Input records:

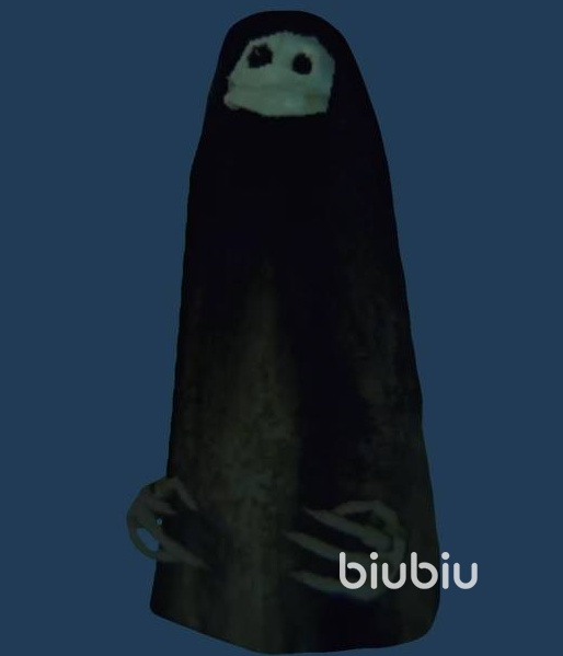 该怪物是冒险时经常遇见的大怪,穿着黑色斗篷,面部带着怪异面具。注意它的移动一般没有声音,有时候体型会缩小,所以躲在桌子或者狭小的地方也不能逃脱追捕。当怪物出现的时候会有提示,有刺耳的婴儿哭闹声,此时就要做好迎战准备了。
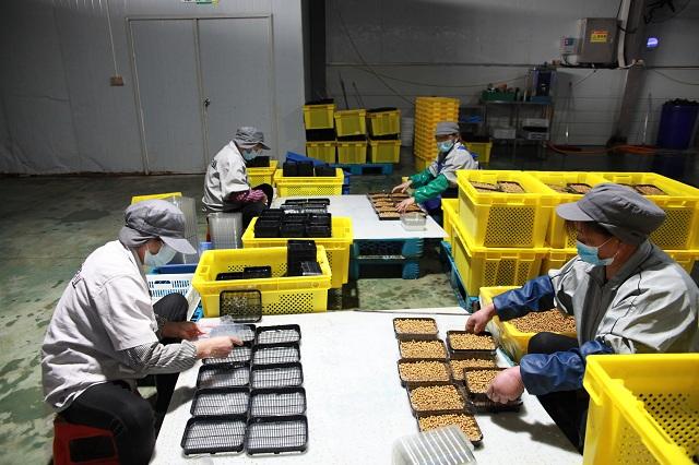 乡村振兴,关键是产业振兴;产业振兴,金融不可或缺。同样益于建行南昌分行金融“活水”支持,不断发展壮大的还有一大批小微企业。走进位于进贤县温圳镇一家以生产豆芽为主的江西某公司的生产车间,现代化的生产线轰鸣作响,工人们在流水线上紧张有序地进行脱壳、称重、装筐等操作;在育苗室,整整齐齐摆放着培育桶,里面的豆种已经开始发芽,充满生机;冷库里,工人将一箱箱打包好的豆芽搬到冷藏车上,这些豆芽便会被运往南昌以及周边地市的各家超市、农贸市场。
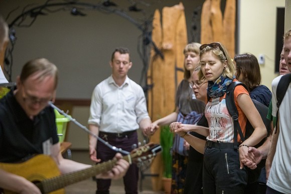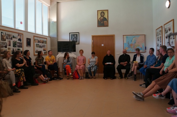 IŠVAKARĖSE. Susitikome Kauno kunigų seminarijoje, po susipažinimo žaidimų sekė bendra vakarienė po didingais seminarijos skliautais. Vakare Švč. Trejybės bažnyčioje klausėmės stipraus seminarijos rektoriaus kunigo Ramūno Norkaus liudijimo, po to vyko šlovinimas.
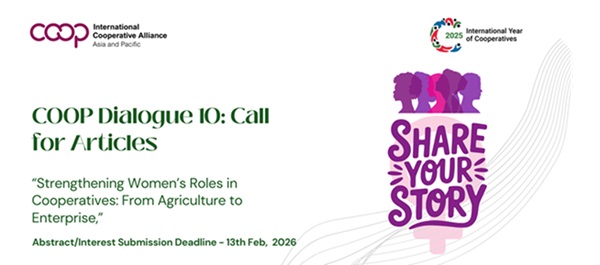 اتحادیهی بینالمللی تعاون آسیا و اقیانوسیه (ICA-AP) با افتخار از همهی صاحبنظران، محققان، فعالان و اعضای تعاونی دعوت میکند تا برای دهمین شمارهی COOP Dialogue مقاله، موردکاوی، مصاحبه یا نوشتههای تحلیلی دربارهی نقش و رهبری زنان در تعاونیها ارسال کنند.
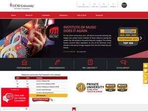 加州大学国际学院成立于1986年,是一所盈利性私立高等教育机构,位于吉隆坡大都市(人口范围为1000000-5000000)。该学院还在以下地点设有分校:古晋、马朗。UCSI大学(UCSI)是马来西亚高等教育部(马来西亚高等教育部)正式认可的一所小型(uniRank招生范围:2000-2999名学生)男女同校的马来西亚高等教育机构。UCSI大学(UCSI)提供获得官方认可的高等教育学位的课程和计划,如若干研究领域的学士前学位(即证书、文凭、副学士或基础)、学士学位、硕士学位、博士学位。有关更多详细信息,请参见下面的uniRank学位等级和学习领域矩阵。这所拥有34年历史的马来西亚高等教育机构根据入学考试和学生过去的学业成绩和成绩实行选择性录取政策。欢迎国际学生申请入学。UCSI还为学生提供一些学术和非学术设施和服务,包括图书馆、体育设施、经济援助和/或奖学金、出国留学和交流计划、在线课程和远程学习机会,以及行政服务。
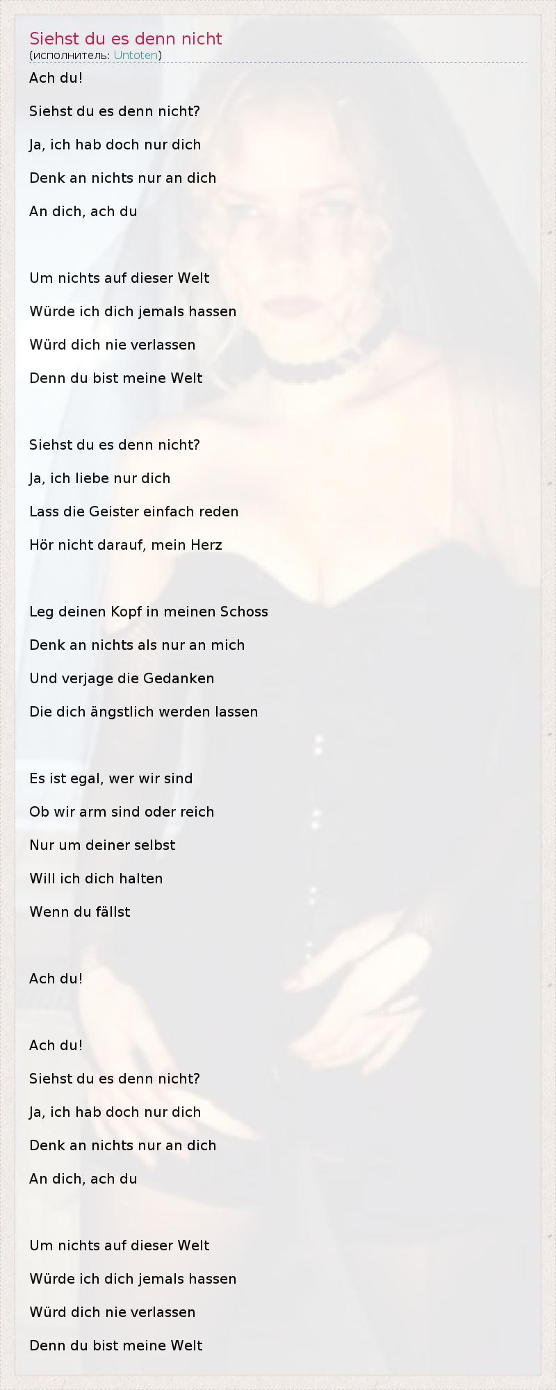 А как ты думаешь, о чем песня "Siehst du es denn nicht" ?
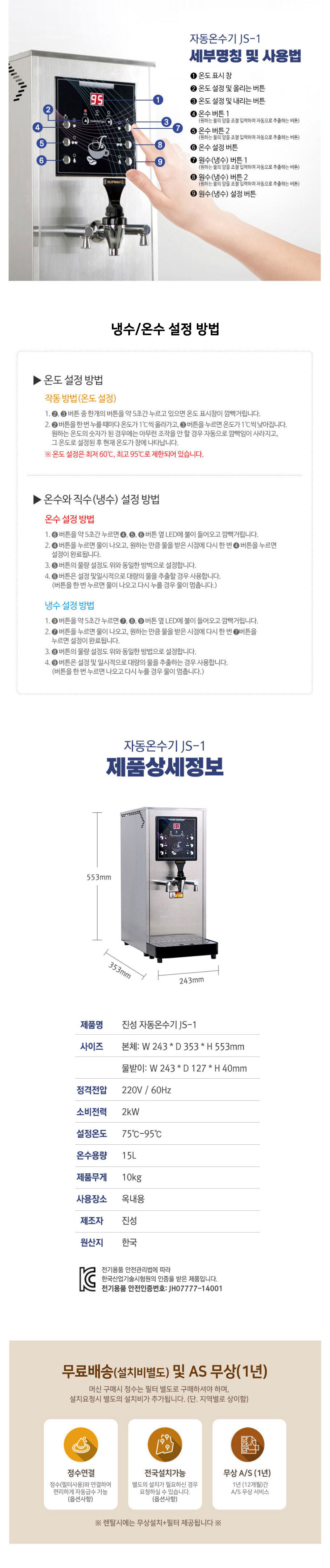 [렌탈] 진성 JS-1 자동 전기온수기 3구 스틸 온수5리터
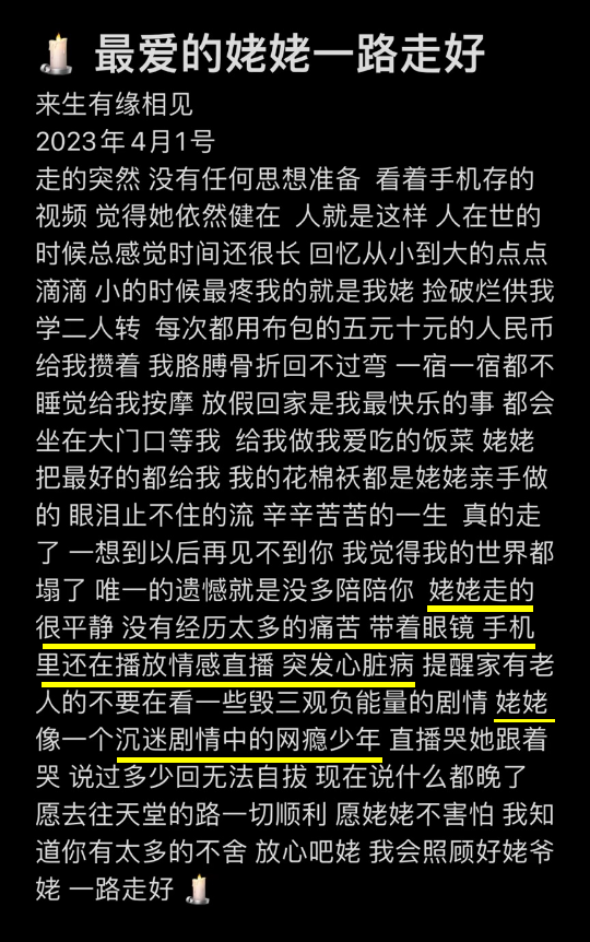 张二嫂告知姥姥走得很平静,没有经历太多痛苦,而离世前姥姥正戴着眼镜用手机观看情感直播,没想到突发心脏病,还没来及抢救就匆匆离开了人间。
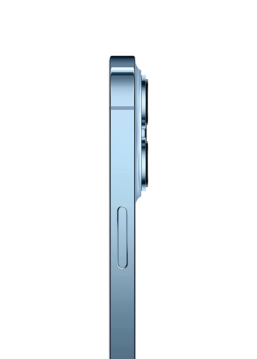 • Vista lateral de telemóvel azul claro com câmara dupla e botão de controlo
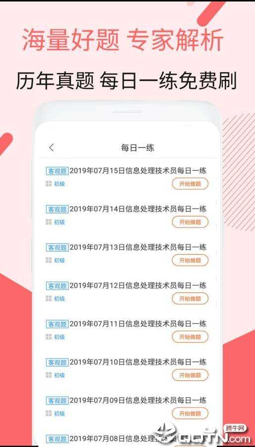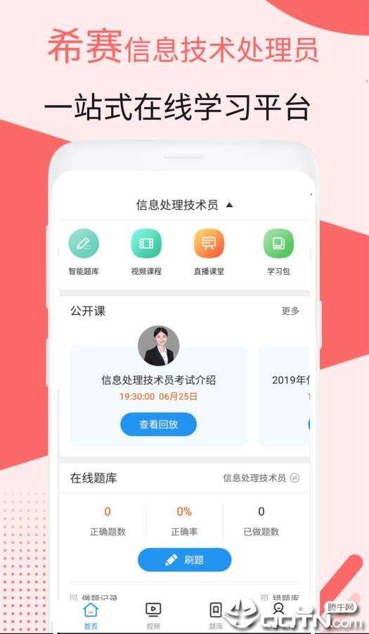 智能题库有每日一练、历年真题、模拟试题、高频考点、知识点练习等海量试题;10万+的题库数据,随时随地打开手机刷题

Required work: Your answer must be an exact copy of every entry, with no pictures in it.

Result for this exercise:
 该怪物是冒险时经常遇见的大怪,穿着黑色斗篷,面部带着怪异面具。注意它的移动一般没有声音,有时候体型会缩小,所以躲在桌子或者狭小的地方也不能逃脱追捕。当怪物出现的时候会有提示,有刺耳的婴儿哭闹声,此时就要做好迎战准备了。
 乡村振兴,关键是产业振兴;产业振兴,金融不可或缺。同样益于建行南昌分行金融“活水”支持,不断发展壮大的还有一大批小微企业。走进位于进贤县温圳镇一家以生产豆芽为主的江西某公司的生产车间,现代化的生产线轰鸣作响,工人们在流水线上紧张有序地进行脱壳、称重、装筐等操作;在育苗室,整整齐齐摆放着培育桶,里面的豆种已经开始发芽,充满生机;冷库里,工人将一箱箱打包好的豆芽搬到冷藏车上,这些豆芽便会被运往南昌以及周边地市的各家超市、农贸市场。
 IŠVAKARĖSE. Susitikome Kauno kunigų seminarijoje, po susipažinimo žaidimų sekė bendra vakarienė po didingais seminarijos skliautais. Vakare Švč. Trejybės bažnyčioje klausėmės stipraus seminarijos rektoriaus kunigo Ramūno Norkaus liudijimo, po to vyko šlovinimas.
 اتحادیهی بینالمللی تعاون آسیا و اقیانوسیه (ICA-AP) با افتخار از همهی صاحبنظران، محققان، فعالان و اعضای تعاونی دعوت میکند تا برای دهمین شمارهی COOP Dialogue مقاله، موردکاوی، مصاحبه یا نوشتههای تحلیلی دربارهی نقش و رهبری زنان در تعاونیها ارسال کنند.
 加州大学国际学院成立于1986年,是一所盈利性私立高等教育机构,位于吉隆坡大都市(人口范围为1000000-5000000)。该学院还在以下地点设有分校:古晋、马朗。UCSI大学(UCSI)是马来西亚高等教育部(马来西亚高等教育部)正式认可的一所小型(uniRank招生范围:2000-2999名学生)男女同校的马来西亚高等教育机构。UCSI大学(UCSI)提供获得官方认可的高等教育学位的课程和计划,如若干研究领域的学士前学位(即证书、文凭、副学士或基础)、学士学位、硕士学位、博士学位。有关更多详细信息,请参见下面的uniRank学位等级和学习领域矩阵。这所拥有34年历史的马来西亚高等教育机构根据入学考试和学生过去的学业成绩和成绩实行选择性录取政策。欢迎国际学生申请入学。UCSI还为学生提供一些学术和非学术设施和服务,包括图书馆、体育设施、经济援助和/或奖学金、出国留学和交流计划、在线课程和远程学习机会,以及行政服务。
 А как ты думаешь, о чем песня "Siehst du es denn nicht" ?
 [렌탈] 진성 JS-1 자동 전기온수기 3구 스틸 온수5리터
 张二嫂告知姥姥走得很平静,没有经历太多痛苦,而离世前姥姥正戴着眼镜用手机观看情感直播,没想到突发心脏病,还没来及抢救就匆匆离开了人间。
 • Vista lateral de telemóvel azul claro com câmara dupla e botão de controlo
 智能题库有每日一练、历年真题、模拟试题、高频考点、知识点练习等海量试题;10万+的题库数据,随时随地打开手机刷题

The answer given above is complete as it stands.